Het Wasvrouwtje zit met het gezicht naar de straat, het wasgoed in haar hand. De vijver waarin ze zich spiegelt en de was doet, wordt gevuld met water van bron De Oorsprong dat uit de stuwwal is afgeleid en door een groen uitgeslagen houten waterrad wordt verplaatst. Het ontwerp van dit watermolenrad is ontleend aan een pentekening van rond 1820, gemaakt door Daniël Kerkhoff. Peter Arts is de maker van het huidige waterrad dat onlosmakelijk is verbonden met de bezigheden van Het Wasvrouwtje.

De watermolen zelf werd gebouwd in 1669 om koren te malen maar stond er rond 1900 al niet meer. In het molenaarshuis werd later logement Westerbeek ingericht. Halverwege de negentiende eeuw is op deze plek hotel De Oorsprong verrezen. Daar konden gasten terecht tot 1967, toen is dit markante gebouw afgebroken. Het romantische beeld dat nu in het Beekse parkje te zien is, maskeert nogal de zware inspanningen die wasvrouwen zich destijds moesten getroosten tegen weinig loon.

Het duurde tot 1999 voordat De Wasvrouw ‘gezelschap’ kreeg van een collega: De Bleekster die 350 meter verderop is neergezet. Ook dit beeld is ontworpen en gemaakt door Jan Schoenmakers; het staat op de hoek van de Nieuwe Holleweg en de Rijksstraatweg, tegenover hotel-café-restaurant ’t Spijker. Deze bronzen vrouw heeft een volle wasmand in de hand en is onderweg naar de bleekvelden.

Vroeger hadden mensen namelijk geen wasmiddel dat ‘witter dan wit’ waste. Daardoor verdwenen niet alle vlekken met alleen water en zeep. Daarom bleekten de mensen hun wasgoed. Al voor de Middeleeuwen bestonden er speciale blekerijen voor ‘natuurbleek’. Wasgoed werd op grasvelden rond de blekerij uitgespreid. Arbeiders hielden het wasgoed vochtig.

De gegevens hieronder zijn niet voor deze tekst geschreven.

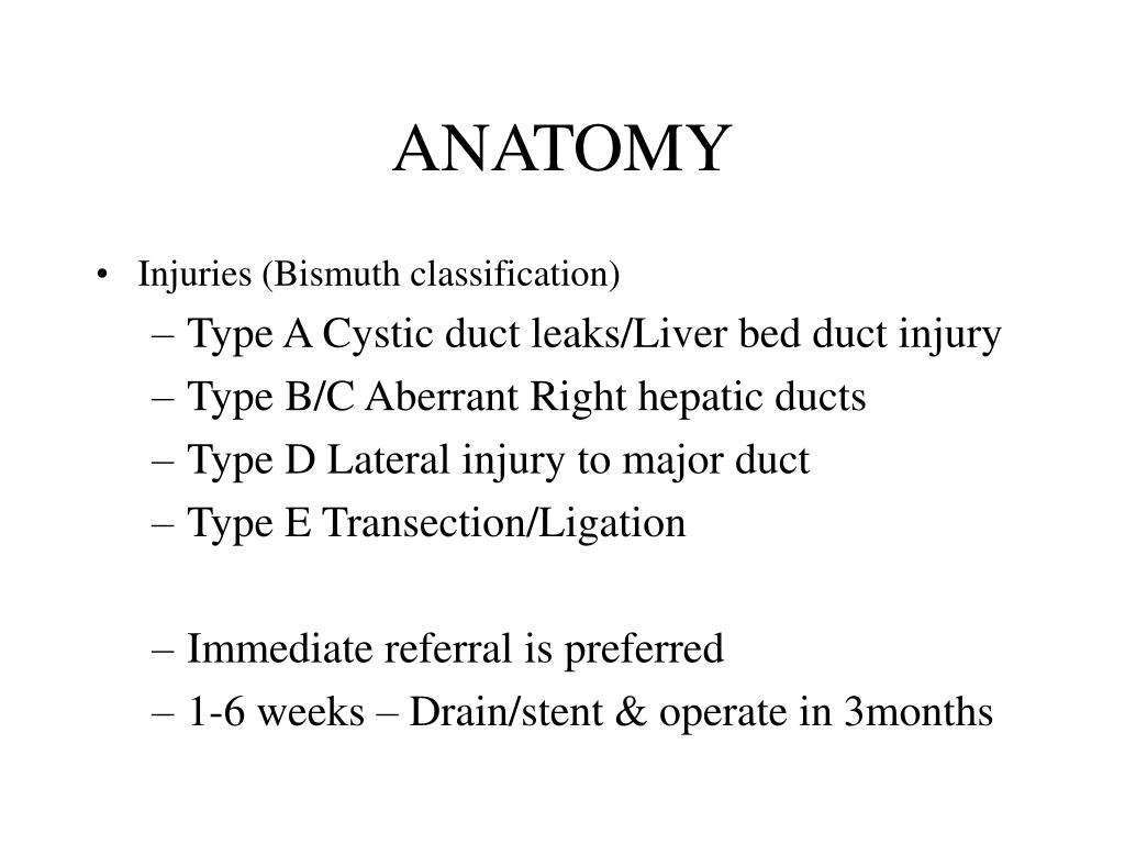 ANATOMY • Injuries (Bismuth classification) • Type A Cystic duct leaks/Liver bed duct injury • Type B/C Aberrant Right hepatic ducts • Type D Lateral injury to major duct • Type E Transection/Ligation • Immediate referral is preferred • 1-6 weeks – Drain/stent & operate in 3months

Het wasgoed bleekte automatisch door inwerking van de zuurstof die vrijkomt uit de ozon in de lucht tussen het wasgoed en het gras. Door de overmaat aan zuurstof verbrandde het restvuil dat nog aanwezig was in het wasgoed. Vanaf 1850 gebruikten mensen blauwsel, beter bekend als het ‘zakje blauw’. Door het blauwsel lijkt witte kleding witter. Het is namelijk optisch wit dat reflecteert met het daglicht. Tegenwoordig zit bleekmiddel en optisch wit in het waspoeder verwerkt.

Het water van de spuitende fontein achter De Bleekster komt uit de Elsbeek. Deze beek zorgde samen met de Oorsprong voor de aandrijving van de al eerder genoemde watermolen en kwam samen in de Waterstraat, waar verschillende wasserijen gevestigd waren.